I recently found my soulmate in a hat.
I don’t really know what happened. The other day I was dehydrated and felt pretty nauseated, so I got in the car, cranked up the air con, blasted Sheryl Crow as loud as my car’s speakers would go without crackling (but Sheryl’s got some bass yo) and found myself at my Akubra dealer.
I spent a fair hunk of time with the salesman trying to work out what suited my needs. Because, while my head was pretty easy to fit, my needs were complicated. I didn’t really need the hat per say, but I was feeling fragile and I wanted it. My needs were strictly frivolous and spiritual.
I don’t really know how to explain that to a sales assistant. How do you ask another person to suggest a hat that is an extension of your soul? How do you phrase “I want a hat that would look poignant on my rustic headstone” without sounding insane? Because these hats are generally for agricultural people, but I had a higher purpose for mine.
I didn’t want to tell him that I grew up “in town” and the height of my agricultural experience was dumping fodder in a bathtub-cum-trough and sprinting to the gate because I was convinced the calf that lived in our spare paddock had a vendetta against me (I got mine in the end though, literally eating the flesh of my enemy).
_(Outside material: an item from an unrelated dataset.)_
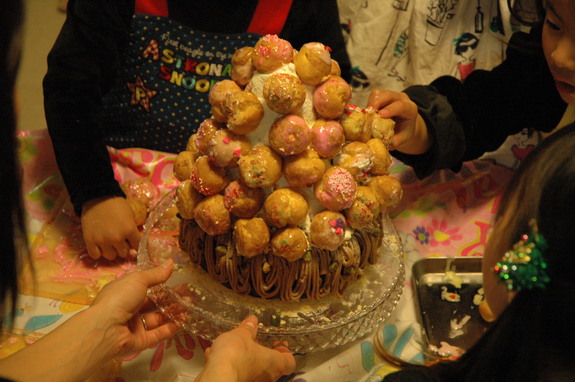 (3歳時 シュークリームにデコレーションをしてツリー制作)
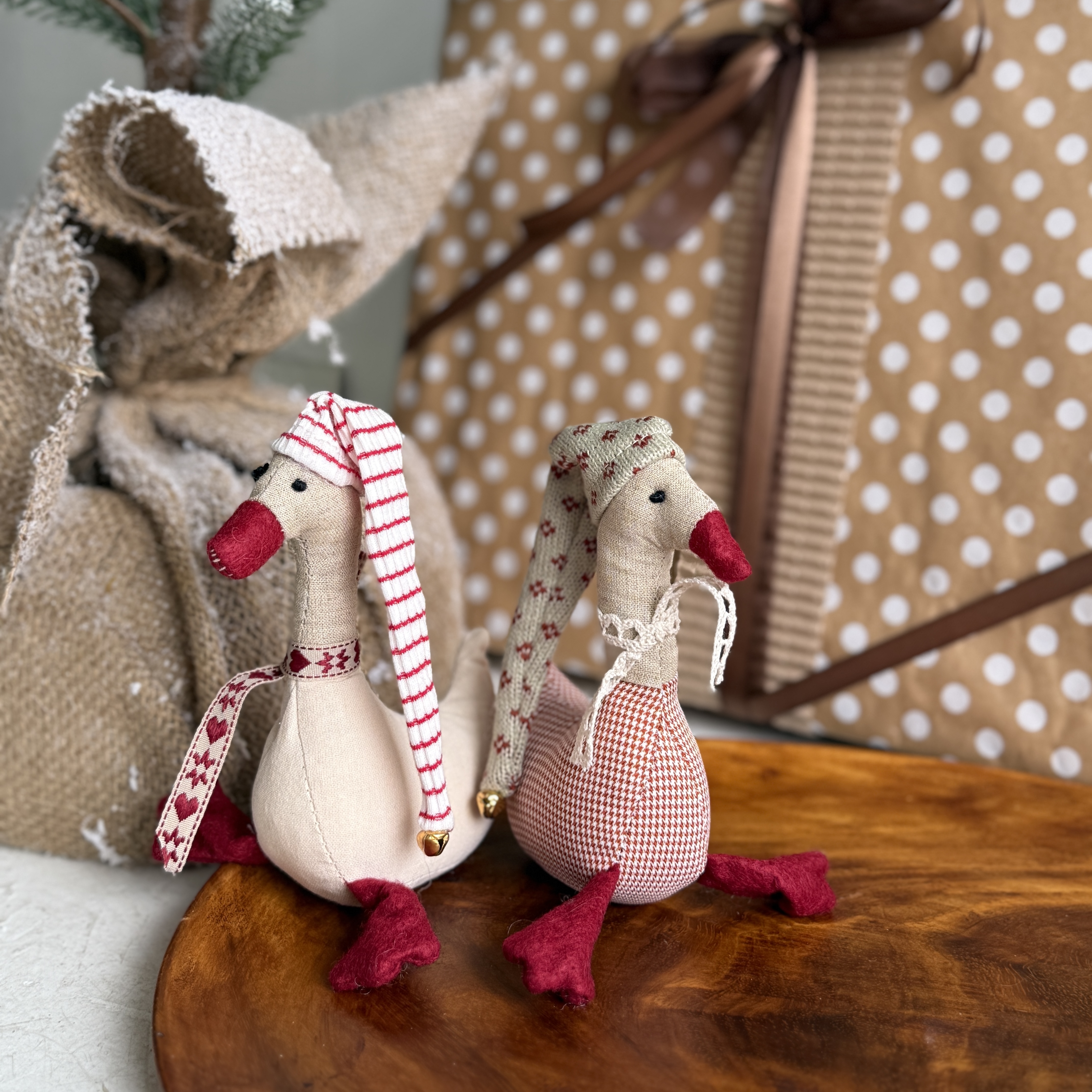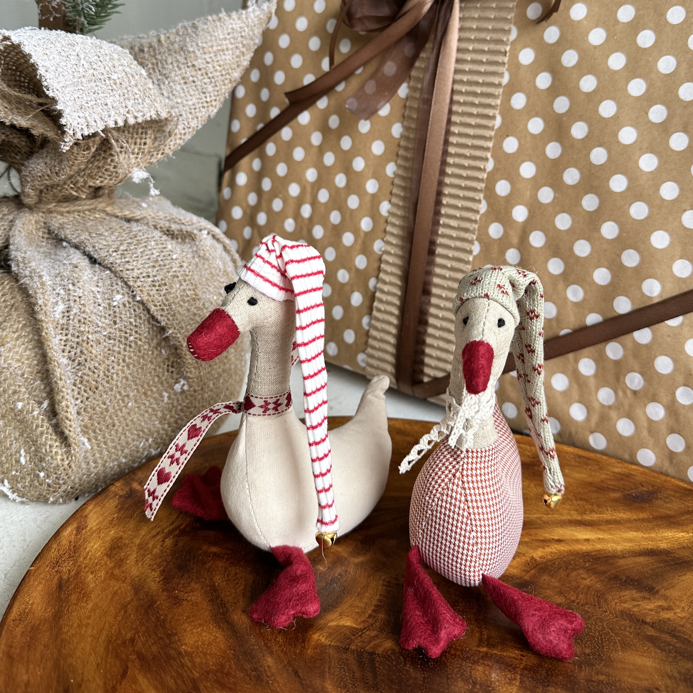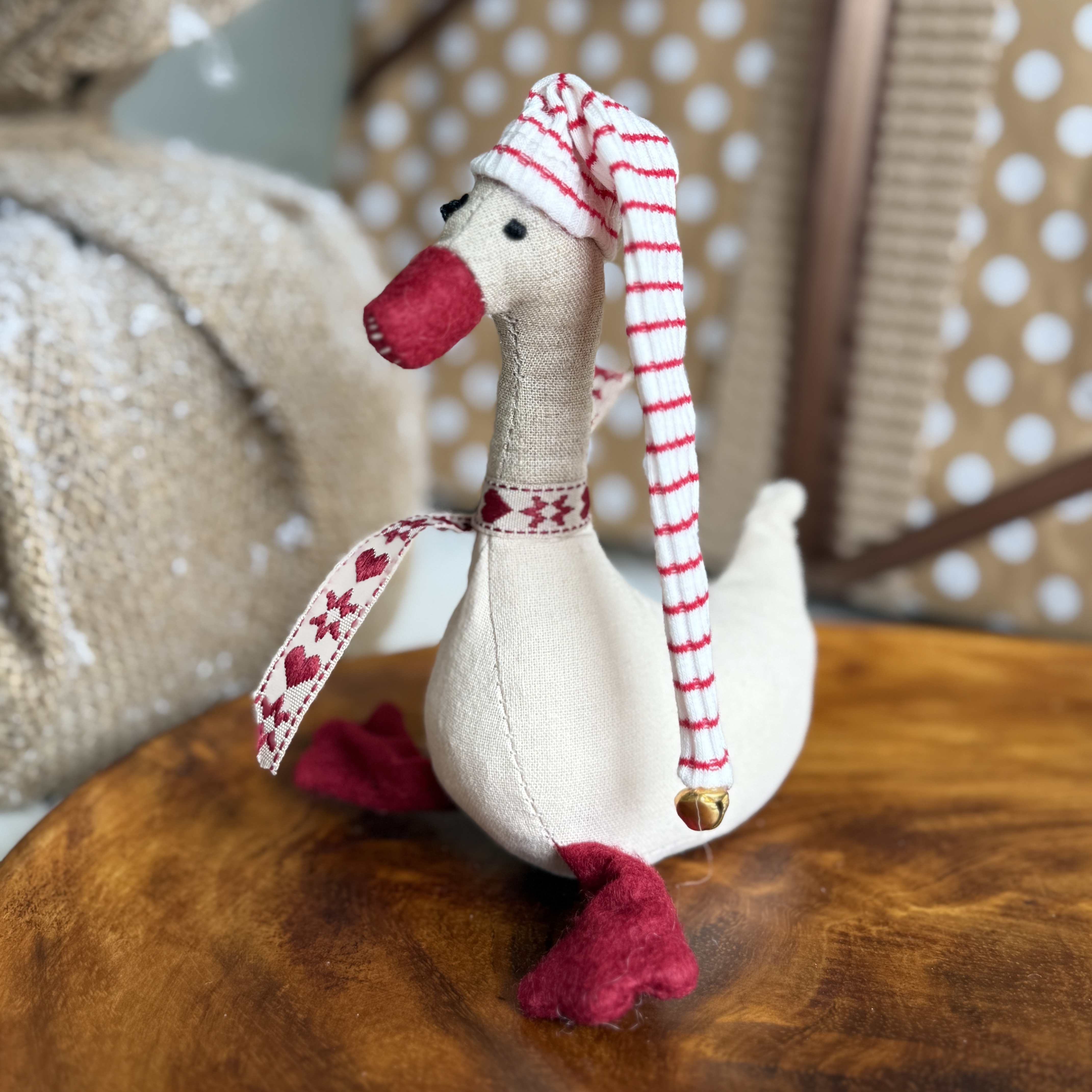 Denne søde stofgæs hedder Gytha og har både nissehue og halstørklæde med bjælde på. De fås i naturfarve og natur/rød

You see, I’m from the country, but I’m not from a farm. My parents came out here for the cheap land and stayed for what I can only imagine was the heavily discounted peanut shell mulch and the hot chooks a surly legend called Barry would sell. I don’t have sheep to muster or crops to harvest.
I guess I just liked the idea of having a signature hat. Sure, sun safety is important and my skin is so pale that my neck is going to look like the skin that forms on custard when I’m 40. But it wasn’t about that. What I wanted was to be identified by a hat. Like if my plane disappeared over the ocean and my hat washed up ashore. I would want someone to see it and crumble into a fit of tears.
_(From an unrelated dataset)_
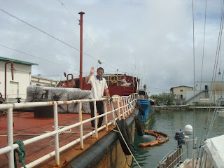 Je komt hier eerst langs een groot dock en ja hoor niet te geloven The Islander een grote boot uit jawel Winschoten. Hoe is het mogelijk. Verder heel veel vissersboten uit China. Die zitten net als wij :-) ook overal.
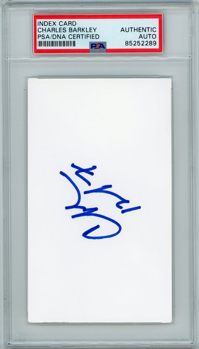 Own a piece of basketball history with this Charles Barkley Signed Index Card, authenticated by PSA/DNA. A true collector’s item, this sports trading card features the hand-signed autograph of Hall of Fame legend Charles Barkley, one of the most dominant forwards in NBA history. Whether you're a devoted fan or a memorabilia investor, this authenticated signature is a valuable addition to any collection.

I don’t know how I got here. It was a strange journey. People stopped wearing hats as soon as they left school. For some reason, wearing a hat wasn’t cool – but for some reason ear stretchers were, go figure. The No Hat, No Play rule was the bane of our existence. Teachers didn’t seem to care that you could potentially asphyxiate on that whole donut you shoved in your mouth during an eating race or the innocent but disturbing display of sexual harassment in the school yard during kiss’n’catch, but if your hat fell off your head even for a second, a teacher would be on to you quick smart. Somewhere along the line, the idea of practical yet stylish sun protection crept into my head, built a nice three bedroom brick house and settled in. Maybe it was love of playing up to the country stereotype to my Sydney friends, maybe it was my desire to stop the part in my hair being forever pink, or maybe it was my yearning to have a wide-brimmed stamp of authority. But I found myself ending up on the Akubra website, trawling through the company’s Instagram feed, drooling over each picture in the dead of night too many times to ignore the call. And with my tax return burring a hole in my pocket and my credit card debt FINALLY paid off, I was in the mood to be reckless with my money but sensible with my purchasing.
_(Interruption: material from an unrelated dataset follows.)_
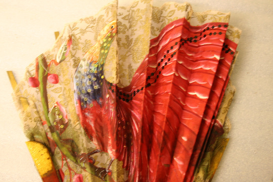 Fan with wooden sticks painted gold. Translucent gold/amber colored plastic attached to both exterior sides of fan. Body of fan made of transparent white gauze with gold floral design woven into fabric. Body semi-circular and over sized being higher in center than at sides. Painted on silk is bird with red/pink wing spread out along body of fan. Bird accented with black and gold sequins.

Eventually the world’s most patient salesman and I can come to a consensus: a dusty dark brown cattleman.
Looking back, it was so simple, poetic even. Dusty was how I felt at the time. Dark, well that’s the general shade of my soul. Brown is essentially my trademark. As the only brunette amongst three blonde sisters, it was my identity: My oldest sister was The Smart One, my second sister was The Pretty One, my younger sister was The Cute One and I was The Brown One. Sure, it was comically soul crushing but at least it made me memorable to senile, vision impaired relatives. Then there was the Cattleman aspect – while not a legit cattleman, I did technically feed one once so it still counts.
It all fit. It was fate. It was me. And I’m not saying that Australiana headgear makes miracles, but when I walked out of that shop I didn’t need to vom anymore.